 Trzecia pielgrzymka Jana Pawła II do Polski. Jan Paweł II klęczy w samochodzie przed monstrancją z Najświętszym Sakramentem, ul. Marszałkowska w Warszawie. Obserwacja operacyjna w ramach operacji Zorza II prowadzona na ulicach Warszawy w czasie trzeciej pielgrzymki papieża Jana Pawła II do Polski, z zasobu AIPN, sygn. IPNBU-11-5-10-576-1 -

--

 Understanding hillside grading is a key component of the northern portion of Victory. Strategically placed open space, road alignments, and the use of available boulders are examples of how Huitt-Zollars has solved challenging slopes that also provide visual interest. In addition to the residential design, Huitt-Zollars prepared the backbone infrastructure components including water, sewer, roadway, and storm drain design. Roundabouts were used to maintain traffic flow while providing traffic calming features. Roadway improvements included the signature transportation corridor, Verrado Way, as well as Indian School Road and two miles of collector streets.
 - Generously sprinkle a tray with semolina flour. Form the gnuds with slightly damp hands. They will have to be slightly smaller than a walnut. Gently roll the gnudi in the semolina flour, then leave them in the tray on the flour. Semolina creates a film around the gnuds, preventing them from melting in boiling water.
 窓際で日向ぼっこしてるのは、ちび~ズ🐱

Task prompt:
The answer should be all lines from the entries above that hold the word "water".

Exercise answer:
 Understanding hillside grading is a key component of the northern portion of Victory. Strategically placed open space, road alignments, and the use of available boulders are examples of how Huitt-Zollars has solved challenging slopes that also provide visual interest. In addition to the residential design, Huitt-Zollars prepared the backbone infrastructure components including water, sewer, roadway, and storm drain design. Roundabouts were used to maintain traffic flow while providing traffic calming features. Roadway improvements included the signature transportation corridor, Verrado Way, as well as Indian School Road and two miles of collector streets.
 - Generously sprinkle a tray with semolina flour. Form the gnuds with slightly damp hands. They will have to be slightly smaller than a walnut. Gently roll the gnudi in the semolina flour, then leave them in the tray on the flour. Semolina creates a film around the gnuds, preventing them from melting in boiling water.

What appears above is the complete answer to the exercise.